The Staff believe that convergence with the FASB’s amendments, albeit important, should not be a determinative factor when determining whether to accept or reject a comment.

It should also be noted that apart from the recommendation in point (1) above, all the other proposed changes are either inconsistent with, or are not included in, the FASB’s related amendments. The Staff plan to present a comparison between the IASB’s proposed amendments to IFRS 3 and the FASB’s related amendments at a future meeting.


The Board approved all the Staff recommendations. Apart from drafting issues, no substantive comments were raised.

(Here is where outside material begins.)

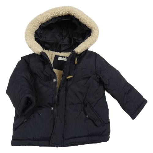 Tmavomodrá šušťáková zimná bunda s kapucňou s beránkem Mango
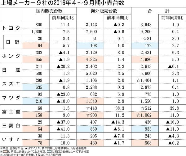 上場メーカー9社の2016年4~9月期世界販売は6社がプラスとなり、スズキ、富士重工業、日野自動車の3社は得意とする主要市場で販売を大きく伸ばして上期としての過去最高を更新した。2017年3月期見通しでは、北米市場の失速をはじめASEAN...

A few Board members disagreed with aligning the definition of a business with the revised definition of output. To them, changing a definition (and not just application guidance) such that it is different from the FASB’s definition would warrant re-deliberation. They also believe that as a business incorporates more than just outputs, it is justifiable for a business to scope in more things than outputs. Other Board members disagreed, primarily because the inconsistency arose from Staff oversight and not to fix it would create confusion in practice.

With regard to adding an example to illustrate how the guidance on outsourcing agreements can be applied, the Board cautioned the Staff against adding guidance on whether an outsourced workforce is like an acquired workforce. This is because the Board deliberately provided limited guidance on that aspect during deliberation of the ED.

With regard to the removal of using goodwill as an indicator, most Board members agreed with the removal but a couple of Board members had reservations (once again because of divergence with the FASB’s related amendments). A Board member suggested explaining the reason for removal in the basis for conclusions and that the Board continue to believe the presence of economic goodwill is an indicator that the acquired process is substantive.